Os potenciais e fatores competitivos do Brasil residem no seu espaço, assim como nos vastos recursos naturais e humanos que lá se encontram. Por exemplo, em uma época em que as fontes baratas de recursos fósseis de energia e matéria-prima estão se esgotando, um grande leque de oportunidades se abre para as matérias-primas renováveis, onde Brasil pode angariar uma posição competitiva, reconstruindo sua industrialização de ponta a partir do beneficiamento dessas matérias. Ademais, a construção civil, a saúde, a educação e a infra-estrutura são outros potenciais de recuperação industrial, onde poderíamos concentrar nossos esforços de inovação e competitividade.

SEXTO PONTO: CRESCIMENTO ECONÔMICO – CORRA MAS NÃO MORRA

Por fim, falar da dimensão espacial implica em também falar do papel do tempo no crescimento. Como afirmamos, é da natureza do capitalismo de aumentar cada vez mais a velocidade do giro de capital, com vistas a maximizar a taxa de lucro. De um lado, a busca da eficácia e da eficiência não apenas na indústria, mas também nas outras fases do ciclo de acumulação que apresentamos, é um momento central da política de crescimento. 

Entretanto, a demasiada pressa pode ser inimiga do crescimento, na medida em que prazos cada vez mais curtos de avaliação das políticas estressem a tomada de decisão em direção a medidas de efeitos imediato, mas que desequilibram o processo geral. Isso implica em uma seleção adversa de setores a serem favorecidos por incentivos fiscais ou de reformas regulatórias liberalizantes que não se traduzem em compromisso concreto de investimento. 

Ano após ano, governos são chantageados politicamente para apresentar taxas de crescimento substanciais, independentemente das condições macroeconômicas nacionais e internacionais permitirem voos mais ousados. Para manter o “velocímetro” da economia em um patamar comparável a outros países, medidas que realmente fortalecem mais consistentemente processo de crescimento, mas a um prazo mais longo, são preteridas. 

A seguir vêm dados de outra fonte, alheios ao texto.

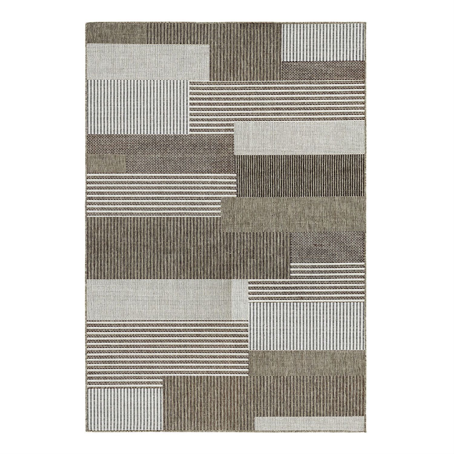 - 5’x x 7’6 Brown Sand Modern Geometric Stripe Area Rug

No campo privado, projetos empresariais de prazo mais longo de retorno são inviabilizados, e diretorias das empresas são aterrorizadas por cobranças do sistema financeiro por resultados anuais positivos, dificultando a adoção de estratégias empresariais mais consistentes.

Nossa reflexão sobre a política de crescimento termina com o apelo de que temos de definir prazos estratégicos para os resultados e as transformações e considerar muito mais a qualidade do que a quantidade do crescimento. No fundo, crescimento econômico é que nem sexo: mais vale a qualidade do que a quantidade.